The Justice Department has filed suit against Apple and five major book publishers over alleged collusion in eBook pricing.
The publishers — Hachette SA, HarperCollins, Macmillan, Penguin and Simon & Schuster — had been warned of the antitrust suit. Some of the publishers are expected to settle, but Apple, Penguin and Pearson have all given indications that they will fight the Justice Department in court.
Matt Yglesias has a good rundown (and takedown) of the industry's machinations at Slate. A summary: to gain leverage against Amazon in the digital book market, Apple offered publishers the ability to set prices. The move was an attempt to make their platform more appealing to the major publishers beholden to Amazon's low price structure, which had been designed more to sell Kindles than to sell books.
But the Justice Department alleges that Apple didn't just offer this service but colluded with the publishers to increase the price of eBooks.

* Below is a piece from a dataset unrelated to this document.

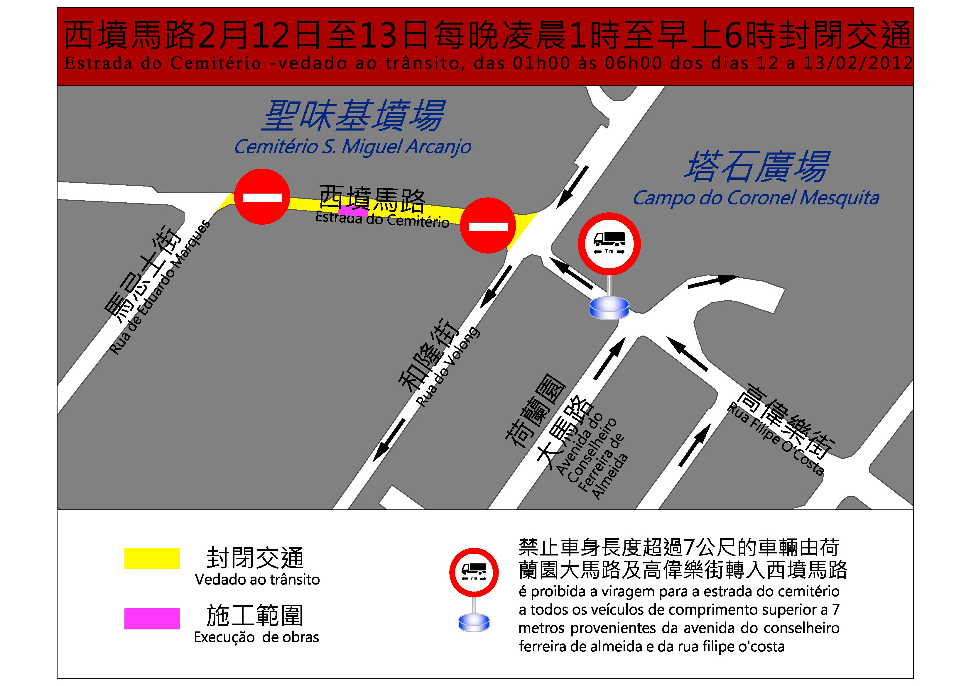 配合澳門自來水公司維修水管,介乎和隆街與馬忌士街之間的一段西墳馬路將於周日(12日)凌晨1時至翌日早上6時,一連兩日臨時封閉,屆時經塔石街、荷蘭園大馬路及高偉樂街行駛至工程範圍之車輛,需取道和隆街繼續行駛。期間,禁止車身長度超過7米的車輛由荷蘭園大馬路及高偉樂街轉入西墳馬路。交通事務局呼籲駕駛者留意,並遵守現場交通標示行車。

If Apple becomes a major player in the eBook market, and it allows publishers to set artificially inflated prices, those prices become the industry norm, disadvantaging both competitors and consumers.
Yglesias blogs today that the Justice Department's suit strangely focuses on the part of the publishing industry (the traditional publishers) endangered by the digital technology, at the advantage of the purveyors of the new technology who have the highest ability to create a stranglehold on the price of eBooks:
Suppose these six firms forgot about shady cartelization meetings and just submitted papers to merge. Back in 1982, the Antitrust Division would have to say no way. A book publishing monopoly would have retailers and authors under their thumb, and there would have been massive barriers to entry into the business of publishing and distributing books. Today the landscape is totally different. The price-fixing conspiracy you'd worry about is one between Apple, Amazon, and Barnes & Noble who between the three of them dominate the distribution channel.
One upside of Apple's entrance to the digital book market is it breaks up Amazon's monopoly, which threatened both the future of both eBooks and books in general. However, replacing a monopoly with a multi-corporation collusion doesn't do all that much good.